The Changing Face of Online Stock Trading

Few businesses gained as many new customers during the dot-com peak as online brokerages. Commercials showed stay-at-home moms checking their portfolios for midday gains and gangly underachievers becoming rich by trading online.

But as the stock-market bull remains in a lengthy hibernation, the number of people who qualify as active traders has tumbled. So has the number of trades conducted at the largest online brokerages, which have stepped up diversification efforts to replace lost revenue.

Although the current environment appears grim, analysts say that online trading has kept its footing, thanks largely to established brokerages that are offering multichannel options to customers — particularly active and wealthy investors.

“A lot of the houses have gone straight for the affluent investor, and they’ve locked them in by saying they could trade any way they want,” Kathleen Sindell, a professor at Johns Hopkins University, told the E-Commerce Times. “You can trade online, you can call, you can use your PDA, and, if you’re wealthy enough, you can get in touch with your personal broker.”

Target Spotted

While brokerages have not forgotten about average investors, their reasons for targeting wealthy customers are manifold.

According to Forrester Research analyst Betsey Stevenson, 80 percent of affluent U.S. households — those that have US$1 million to invest — are online, well above the national average. And affluent households are more likely than others to seek information about financial opportunities online.

“They’re attracted by information much more than by entertainment,” Stevenson told the E-Commerce Times. “They are a ready-made target audience.”

Altered Landscape

That is not to say the online trading landscape is rosy; it has been changed irrevocably by the recent boom-and-bust cycle, which has highlighted both the benefits and drawbacks of the online medium.

For example, E*Trade is defending itself against a number of lawsuits related to a series of outages dating back to 1999. And many investors have expressed frustration over the pace of trades made during the heaviest selling times after the markets peaked in the spring of 2000.

But in the wake of dot-com mania, investors are more realistic, according to Sindell. While a coworker’s recommendation might have been enough to prompt a stock purchase at one time, investors now are cooling their heels, making fewer trades and spending more time researching each one, she said.

Education Efforts

The National Association of Online Investors (NAOI), formed last year, is based on that premise. The site is about to launch a new Web platform for investor education, including a lengthy online study course on the intricacies of the public market.

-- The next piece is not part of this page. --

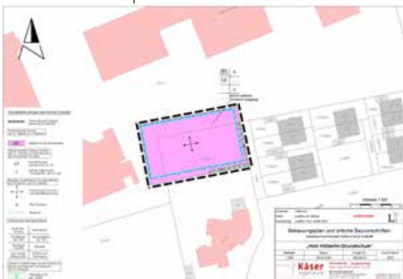
Vorentwurf „Hort Hölderlin-Grundschule“ des Büros Käser Ingenieure, Untergruppenbach vom 09.03.2023

Der Gemeinderat der Stadt Lauffen am Neckar hat am 29.03.2023 in öffentlicher Sitzung beschlossen, den Bebauungsplan und die örtlichen Bauvorschriften „Hort Hölderlin-Grundschule“ aufzustellen. Dieser Beschluss wird hiermit öffentlich bekannt gemacht.

“Individuals who have taken the initiative to learn how to invest have more confidence in the market and in themselves,” NAOI president Leland Hevner told the E-Commerce Times. “They feel they have the knowledge and tools to steer clear of potential disasters.”

Changes Ahead

Sindell, who also wrote the book Online Investing for Dummies, said the stock market fallout likely means that fewer people will actively trade stocks.

Those who are closer to retirement will stop altogether, she noted, while younger investors will be more likely to base future stock purchases on solid information. Brokerages can address those concerns by offering several products to customers, rather than by focusing all of their attention on stock trading.

Given recent concerns about corporate ethics, investors also will want to trust their brokerage more than ever before, Sindell added. This desire will give a further advantage to well-established, real-world houses like Fidelity and Charles Schwab, which have made massive investments to beef up their Web offerings.

“Online trading will come back along with the market — but it will look a lot different than last time around,” Sindell said.

1 Comment

  • As a seven-year member of the securities industry and specifically the "online" and active trader segment, Sindell’s findings sound accurate, but do they warrant attention? Does it surprise anyone that "online" trading accounts have dried up at these big firms? That these firms are seeking the financially independent because the herd has gone and blown themselves up? It shouldn’t, we’ve known this for months and months, just ask your taxi cab driver. But wouldn’t it be a surprise to find out that a lot of these "online, web based" accounts have simply moved to firms that can support the type of trading that was going on and educating them how to trade, not just actively invest…. now this might deserve some attention.
    The browser-based, online platforms of those firms mentioned have never been anything more than a portal for investors to buy and sell a few shares as investors. Not a tool for individual investors-turned-traders to trade against professionals with sophisticated trading software and millions of dollars behind each order. It’s kind of like entering a Nascar race but showing up in a Yugo… not much of a chance.
    Sindell is right in saying things will be different the next time around… traders will learn to trade and investors will learn to invest, no confusion between the two. The rules of one endeavor should not be forced onto that of another, but they were and now we have a study reporting the consequences. I’d be much more interested in a study of those firms that have provided the tools and the education for traders (not investors) to see what happened to them over the last year or two… that might be newsworthy.